**TASK OBJECTIVE**
For this exercise, copy exactly only the lines from the one containing "2. 每天为用户推荐各式各样的场景声音,用户能够依据自身喜好来挑选。" to the final line of the material below, without the pictures.
::: DATASET EXCERPT
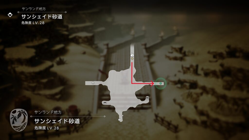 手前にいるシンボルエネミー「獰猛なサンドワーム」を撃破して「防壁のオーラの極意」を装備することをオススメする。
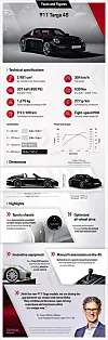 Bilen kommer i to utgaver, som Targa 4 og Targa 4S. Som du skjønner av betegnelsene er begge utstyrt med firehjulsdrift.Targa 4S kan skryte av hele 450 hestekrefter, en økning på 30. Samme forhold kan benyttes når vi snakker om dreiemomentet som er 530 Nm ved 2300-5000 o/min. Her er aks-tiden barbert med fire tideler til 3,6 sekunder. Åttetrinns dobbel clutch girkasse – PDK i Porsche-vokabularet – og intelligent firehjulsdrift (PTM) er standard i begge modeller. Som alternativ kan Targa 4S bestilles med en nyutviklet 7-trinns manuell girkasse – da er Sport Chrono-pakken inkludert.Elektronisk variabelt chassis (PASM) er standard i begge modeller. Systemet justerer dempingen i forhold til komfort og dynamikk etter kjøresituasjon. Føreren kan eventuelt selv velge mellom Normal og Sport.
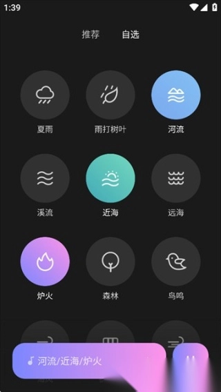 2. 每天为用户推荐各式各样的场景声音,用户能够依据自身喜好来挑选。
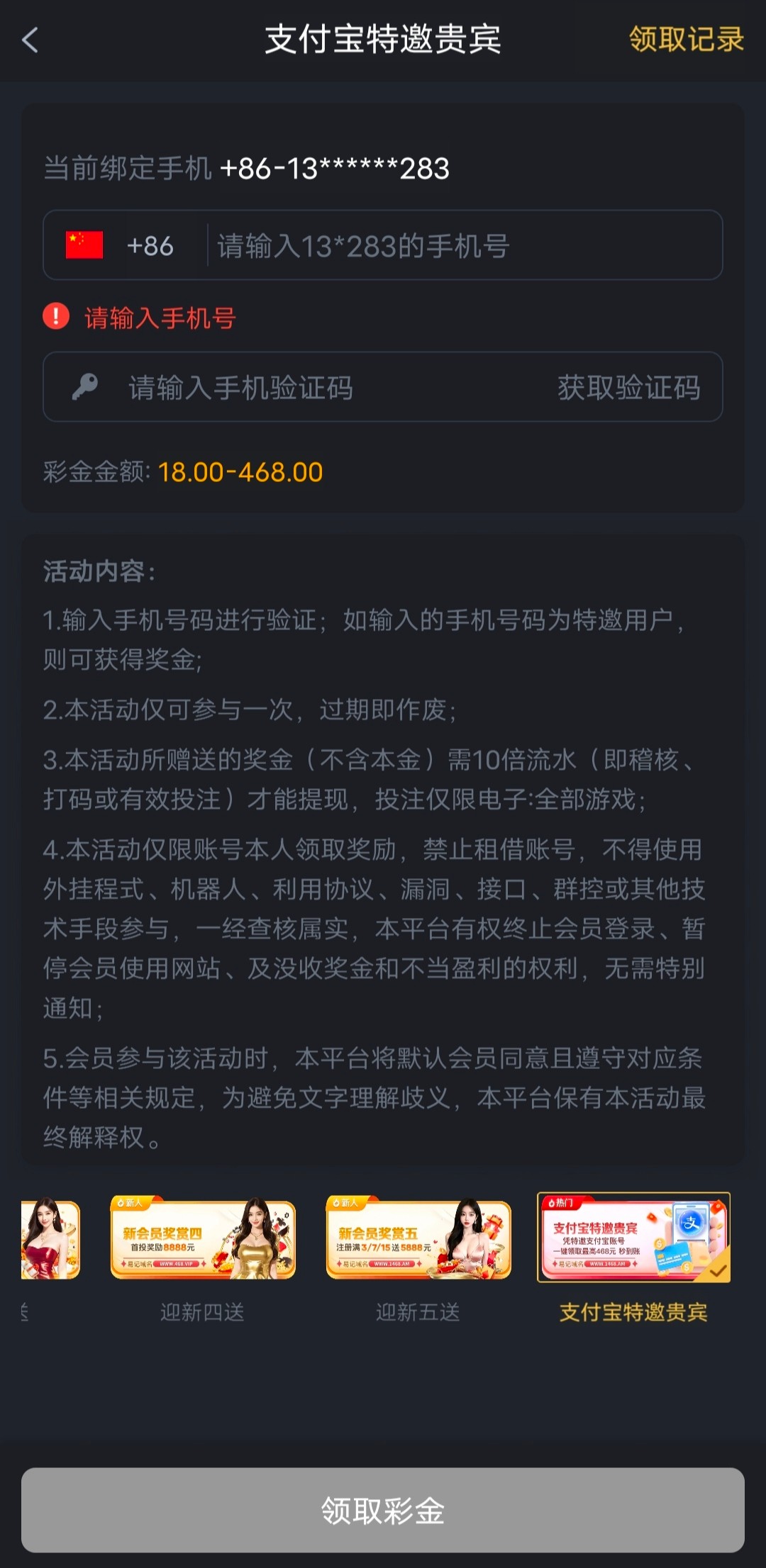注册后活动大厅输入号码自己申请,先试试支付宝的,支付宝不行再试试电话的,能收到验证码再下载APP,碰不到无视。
::::::
**RESULT OF THE TASK**
 2. 每天为用户推荐各式各样的场景声音,用户能够依据自身喜好来挑选。
注册后活动大厅输入号码自己申请,先试试支付宝的,支付宝不行再试试电话的,能收到验证码再下载APP,碰不到无视。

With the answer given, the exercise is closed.